The White House has not released its own readout of the call or provided additional comment about the conversation

Published December 30, 2019 11:02AM (EST)

Vladimir Putin; Donald Trump (Getty/Salon)
Vladimir Putin; Donald Trump (Getty/Salon)

Russian President Vladimir Putin spoke with President Donald Trump by phone Sunday to discuss counter-terrorism efforts and "matters of mutual interest," according to a readout of the call from the Kremlin.

"Vladimir Putin thanked Donald Trump for the information shared via the special services that helped thwart terrorist acts in Russia," the Kremlin-provided statement said, adding that the two world leaders "discussed a range of issues of mutual interest and agreed to continue bilateral cooperation in combating terrorism."

The Kremlin noted that the call was initiated by Russia. The White House has not released its own readout of the call nor has it provided additional comment about the conversation between the pair. The Russian readout did not provide additional details about what information the U.S. had offered.

But, according to a statement issued by the Federal Security Service of Russia to Russian media, two Russians were detained Friday based on information provided by the U.S. The detainees allegedly intended to carry out a terrorist attack in St. Petersburg during the New Year holidays, the Federal Security Service said.

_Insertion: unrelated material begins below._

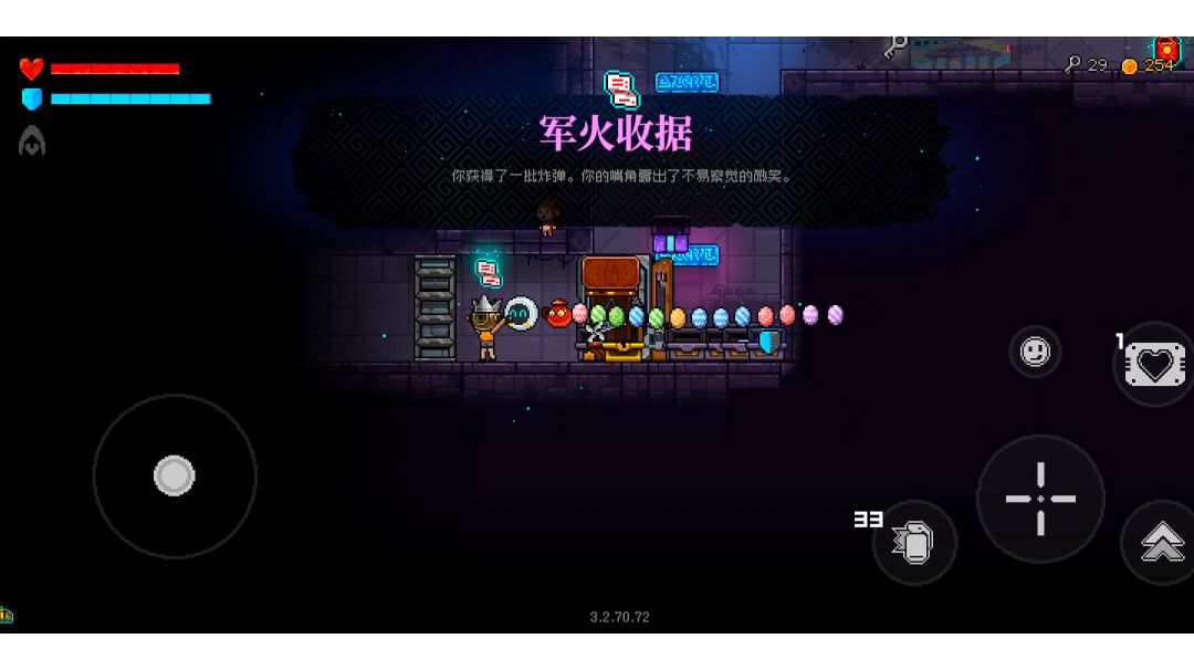 炸弹套很好用,子弹自带爆炸伤害很可观 宠物和蛋堆满估计有六七十个,蛋可以反弹子弹(橡实),宠物数量增加输出(各种糖) 角色面板靠猫咪的霉心使劲堆盾后期打boss根本掉不完

In August, the Kremlin said in a statement that Trump spoke with Putin and offered help in fighting wildfires raging in parts of Siberia. The phone conversation between the world leaders took place on the "initiative of the American side," the Kremlin said, adding that Putin regarded the offer "as a sign that it is possible that full-scale bilateral relations will be restored in the future." The White House later confirmed the conversation between the two men, saying they discussed wildfires, as well as trade between the two nations.

In 2017, photos of Trump's first Oval Office meeting with Russian Foreign Minister Sergey Lavrov surfaced online from the Kremlin. One photographer from Russia's state news agency was allowed in the meeting, while U.S. journalists were kept out. Trump's meeting with Lavrov ignited firestorm after it was reported that Trump shared highly-classified information which Israel had shared with the U.S.

That same year, the CIA provided another tip to Russian special services about a separate planned terrorist attack at the Kazan Cathedral in St. Petersburg. The defendants in the case have been convicted, according to Russian media.

Trump has faced intense scrutiny over the nature of his relationship with Russia ever since he launched his presidential campaign in 2015. He has confounded Democrats and Republicans with his continued defense and praise of Putin, fueling speculation about his motives. Perhaps most notably, Trump has repeatedly challenged the conclusion of his own intelligence agencies that Russia interfered in the 2016 presidential election, claiming instead that he believes Putin's denials.

Trump again met with Lavrov behind closed doors earlier this month on the day House Democrats unveiled articles of impeachment against him. The president praised the "very good meeting" in a tweet, writing that the two had discussed "trade, Iran, North Korea, INF Treaty, Nuclear Arms Control, and Election Meddling."

At a news conference at the Russian Embassy later in the day, Lavrov denied allegations of Russian election interference and suggested only that Secretary of State Mike Pompeo had raised the issue during a separate meeting.